Last indexed: 18 May 2026 (ecd184)

Inference Parameters

Purpose and Scope

Inference Parameters control the behavior of text generation during inference operations. These parameters are passed to executor methods (such as InferAsync) and determine token generation limits, stopping conditions, sampling strategies, and context management strategies when the window is exhausted. This page documents the IInferenceParams interface and InferenceParams class, as well as web-specific options.

For model loading configuration, see Model Parameters (IModelParams). For context initialization settings, see Context Parameters (IContextParams). For detailed sampling configuration within the SamplingPipeline property, see Sampling Pipeline Overview and DefaultSamplingPipeline.

Overview

The InferenceParams class implements IInferenceParams and provides runtime control over the generation process. Unlike model and context parameters which are set during initialization, inference parameters can vary between calls to InferAsync on the same executor instance.

"Inference Parameter Data Flow"

Sources: LLama/Abstractions/IInferenceParams.cs10-54 LLama/Common/InferenceParams.cs12-51 LLama.Web/Common/InferenceOptions.cs10-42

Configuration Properties

MaxTokens

Controls the maximum number of tokens to generate during inference.

Property	Type	Default	Description
`MaxTokens`	`int`	`-1`	Maximum tokens to generate. `-1` means unlimited generation until completion.

Behavior:

Also referred to as n_predict in underlying implementations LLama/Common/InferenceParams.cs21-24
Set to -1 to infinitely generate response until it complete LLama/Abstractions/IInferenceParams.cs18-21
Used by executors to determine the loop bound for token generation.

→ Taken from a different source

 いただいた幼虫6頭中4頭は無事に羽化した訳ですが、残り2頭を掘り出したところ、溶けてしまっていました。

Sources: LLama/Common/InferenceParams.cs24 LLama/Abstractions/IInferenceParams.cs21

AntiPrompts

A collection of sequences that trigger the model to stop generating further tokens.

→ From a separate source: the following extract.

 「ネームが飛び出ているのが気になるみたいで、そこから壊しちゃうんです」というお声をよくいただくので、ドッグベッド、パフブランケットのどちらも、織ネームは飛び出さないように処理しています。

Property	Type	Default	Description
`AntiPrompts`	`IReadOnlyList<string>`	`[]`	Sequences where the model will stop generating further tokens.

Behavior:

The AntipromptProcessor tracks past tokens and checks if the current output buffer ends with any of these strings.
In StatelessExecutor, providing an anti-prompt allows the model to decide where to stop the generation during a multi-turn simulation.

Sources: LLama/Common/InferenceParams.cs29 LLama/Abstractions/IInferenceParams.cs26

TokensKeep

Specifies the number of tokens to preserve from the initial prompt when context shifting or eviction occurs.

Property	Type	Default	Description
`TokensKeep`	`int`	`0`	Number of tokens to keep from initial prompt during context shifting.

Behavior:

Ensures that vital system prompts or instructions at the beginning of the context are not lost when the model reaches its context limit LLama/Common/InferenceParams.cs15-18

Sources: LLama/Common/InferenceParams.cs18 LLama/Abstractions/IInferenceParams.cs15

Context Overflow Management

These properties define how the executor handles situations where the KV cache is full, especially for models that do not support native memory shifting (e.g., 2D RoPE models).

Property	Type	Default	Description
`OverflowStrategy`	`ContextOverflowStrategy`	`ThrowException`	Strategy to use when the context window is full LLama/Common/InferenceParams.cs43
`ContextTruncationPercentage`	`float`	`0.1f`	Percentage of past tokens to discard during truncation LLama/Common/InferenceParams.cs50

Strategies (ContextOverflowStrategy):

ThrowException: Triggers a ContextOverflowException. Useful for manual management in the application layer LLama/Common/ContextOverflowStrategy.cs18
TruncateAndReprefill: Silently drops the oldest tokens (preserving the system prompt via TokensKeep) and re-prefills the context LLama/Common/ContextOverflowStrategy.cs24

Sources: LLama/Common/InferenceParams.cs37-50 LLama/Common/ContextOverflowStrategy.cs7-25 LLama/Exceptions/ContextOverflowException.cs10-12

SamplingPipeline

The sampling strategy used to select the next token from the model's logits.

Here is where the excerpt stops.